ジョブ型雇用は特定の業務に対してスキルや経験を持っている人材を採用することが一般的です。対して、成果主義は対象の業務を遂行するために採用する場合のほかに、人材ありきで採用する場合もあります。

評価の違い

ジョブ型雇用は採用をする段階で評価が決まっており、業務を遂行した場合の報酬はあらかじめ決められています。そのため、担当している業務が遂行されていれば一律の報酬を支払うことになるのです。成果主義は業務の出来具合や成果などによって評価され給与を決めます。

解雇の対象

従来のジョブ型雇用の場合は特定の業務が終わると解雇となる可能性が少なくありません。しかし、日本ではジョブ型雇用であっても解雇されにくくなっています。成果主義で採用した人材は対象の業務がなくなっても、解雇にならないケースも十分にあります。

ジョブ型雇用の導入類型の種類

ジョブ型雇用には次の導入類型が挙げられます。

  1. アドオンタイプ
  2. ポートフォリオタイプ
  3. 階層切替タイプ
  4. 全社転換タイプ

アドオンタイプ

アドオンタイプとは、基本的にはメンバーシップ型雇用のままで高いレベルが必要、また特殊の職種のみジョブ型雇用を導入する方法です。人材マネジメントの枠組みを変更する必要がないため、ジョブ型をスムーズに導入でき、調整コストがもっとも抑えられる方法です。そのため、特別なスキルを持った人材を即座に確保する必要があるときに向いている方法です。

ポートフォリオタイプ

ポートフォリオタイプとは、業務内容やポジション等に応じて従来のメンバーシップ型雇用とジョブ型雇用の使い分けが可能です。営業担当者がメンバーシップ型雇用、開発担当者がジョブ型雇用など企業や業務内容によってさまざまな活用方法があります。企業に合わせて使い分けができるため、アドオンタイプ同様導入に負担がかからない方法です。

階層切替タイプ

階層切替タイプとは、管理職に上がったらジョブ型雇用、そのほかはメンバーシップ型雇用にするなど階層によってジョブ型とメンバーシップ型を切り替える方法です。管理職に就くまではメンバーシップ型雇用で色々な業務やポジションなどを経験し、管理職になったらジョブ型にするなど階層によって切り替えます。

全社転換タイプ

全社転換タイプはすべての従業員に対してジョブ型雇用を導入する方法です。メンバーシップ型雇用から完全に切り替えることになるため、企業全体としても改革が必要です。そのため、すべての従業員に周知するなど準備や導入に時間やコストがかかります。評価制度やビジョンなどを見直す必要があるため、もっとも手間や時間がかかるタイプです。

成果主義のメリットやデメリット

成果主義や生産性の向上やモチベーションの向上などのメリットがある反面、離職率の増加やチームワークの低下といったデメリットがあります。

成果主義のメリット

成果主義において、従業員がより高く評価されるためには成果を上げたり、プロセスを評価されたりする必要があります。そのため、従業員がいかに高く評価されるか自分で考える必要があることから成長につながる可能性があるのです。さらに、継続年数や年齢でなく頑張りによって報酬が上がる可能性があることから、モチベーションを向上できる場合があります。

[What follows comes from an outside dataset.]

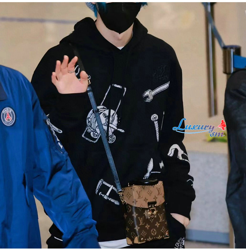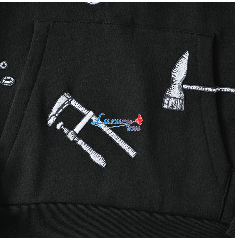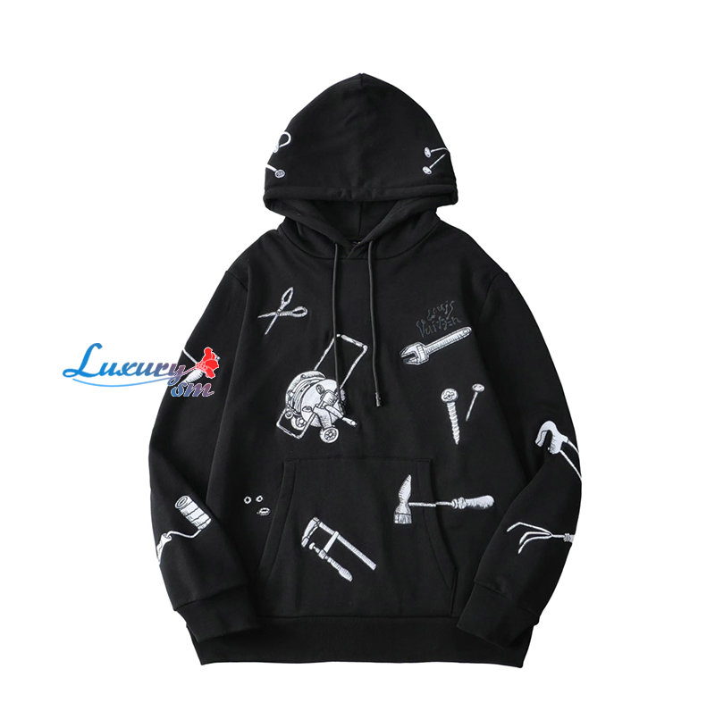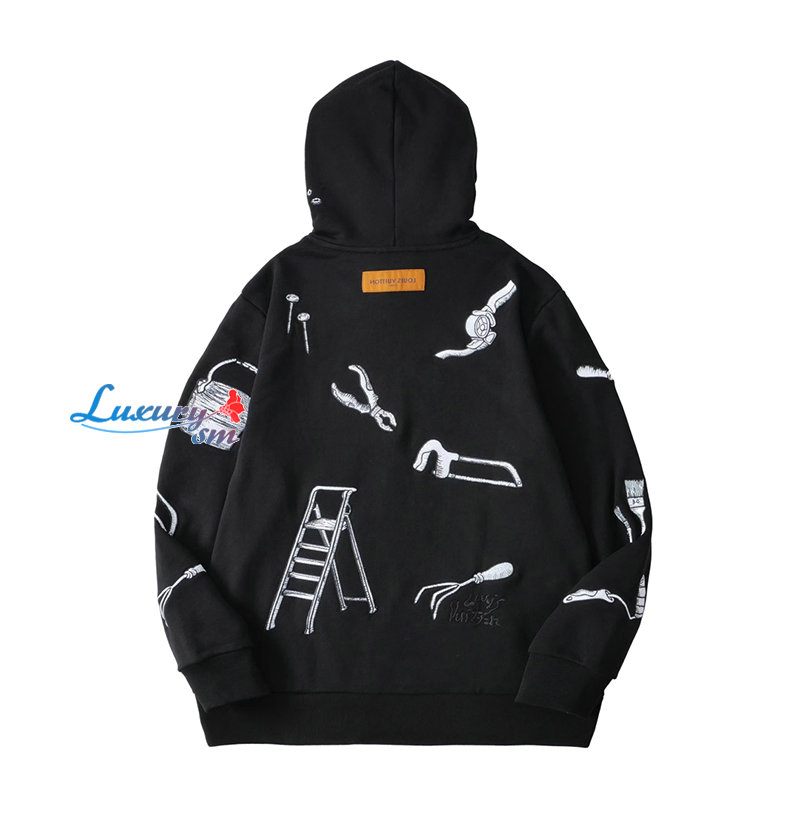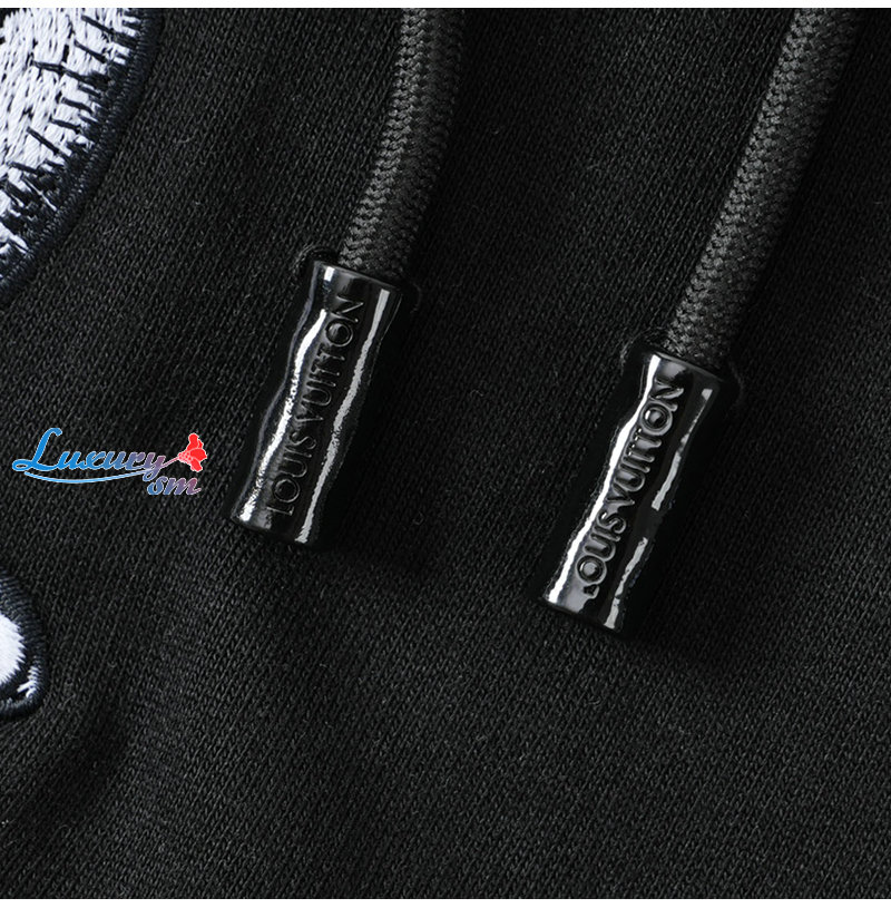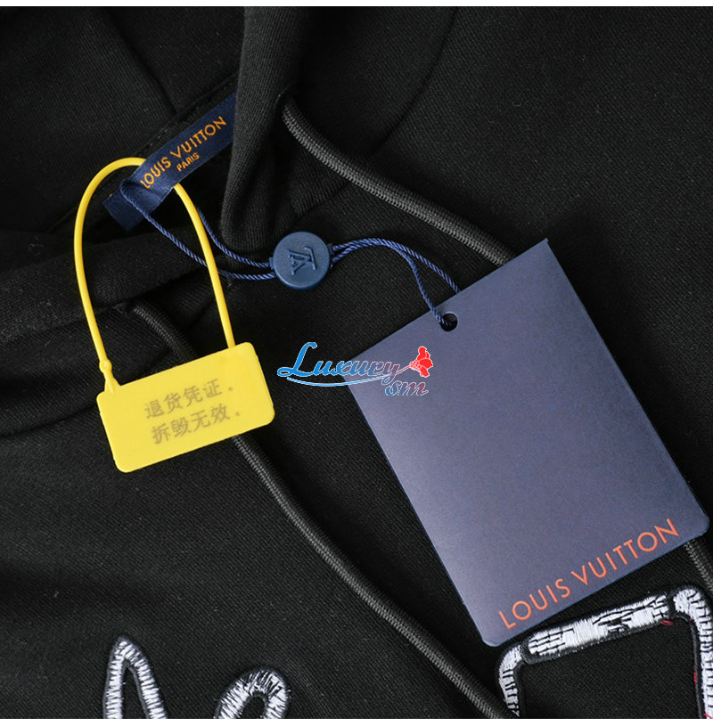 LOUIS VUITTON-11074 루이비통 블랙 아플리케 장식 후드 티셔츠 남여공용
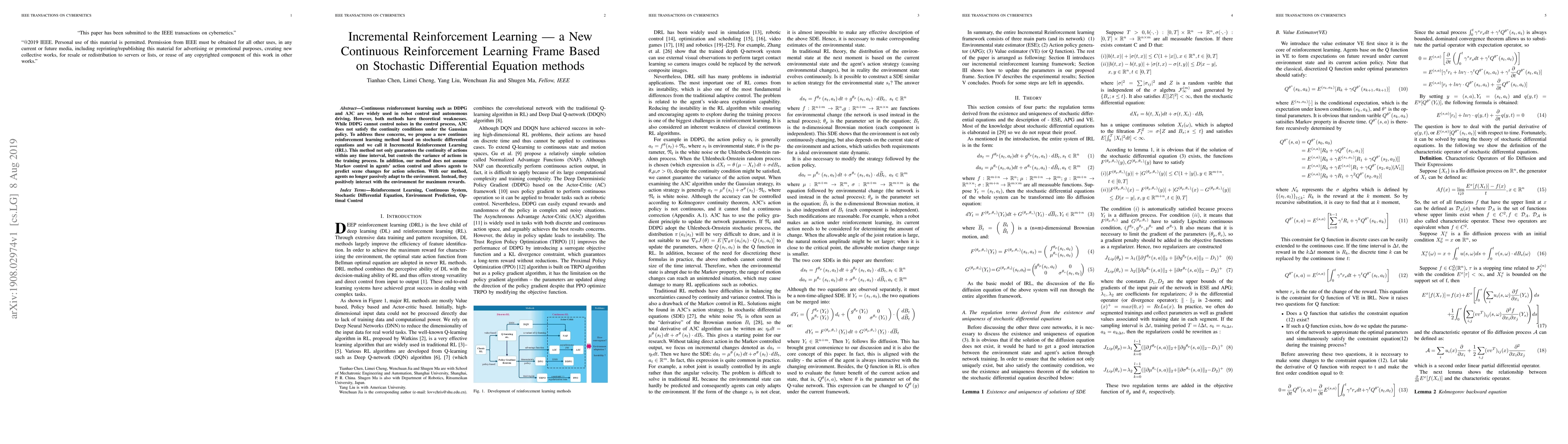 Summary: This paper introduces Incremental Reinforcement Learning (IRL), a novel continuous reinforcement learning framework based on stochastic differential equations, addressing the continuity and noise control issues in existing methods like DDPG and A3C. It enables agents to proactively interact with the environment for optimal rewards, without assuming Markov control.

このほかにも、従業員が高い成果を上げるために工夫することから生産性の向上も期待できるのです。

成果主義のデメリット

業務内容によって、明確な数値で成果が出ない場合があります。そのため、評価基準設定がむずかしいことがあり、従業員の不満につながる可能性があるのです。さらに、個人の成果を意識しすぎることからチームワークが低下するなど、不満が重なることによって離職率が上がるリスクがあります。

まとめ

ジョブ型雇用は、決まった業務に対して必要なスキルを持っている人材を雇用することです。業務内容を明確にしたうえで雇用契約を結ぶため、対象の業務だけをおこないます。そのため、採用してから業務が決まったり、異動や転勤の可能性があったりするメンバーシップ型雇用とは特徴が異なります。

成果主義とは、業務内容や成果物の質に応じて評価や給与が決まる評価制度です。ジョブ型雇用はあらかじめ報酬が固定されているため、報酬の面でも内容が異なります。さらに、成果主義は報酬制度であり、ジョブ型雇用やメンバーシップ型雇用の両方に適応できるのです。

ジョブ型雇用と成果主義は同じものだと考えられることがありますが、ジョブ型雇用は雇用方法、成果主義は評価制度であるため意味合いが異なります。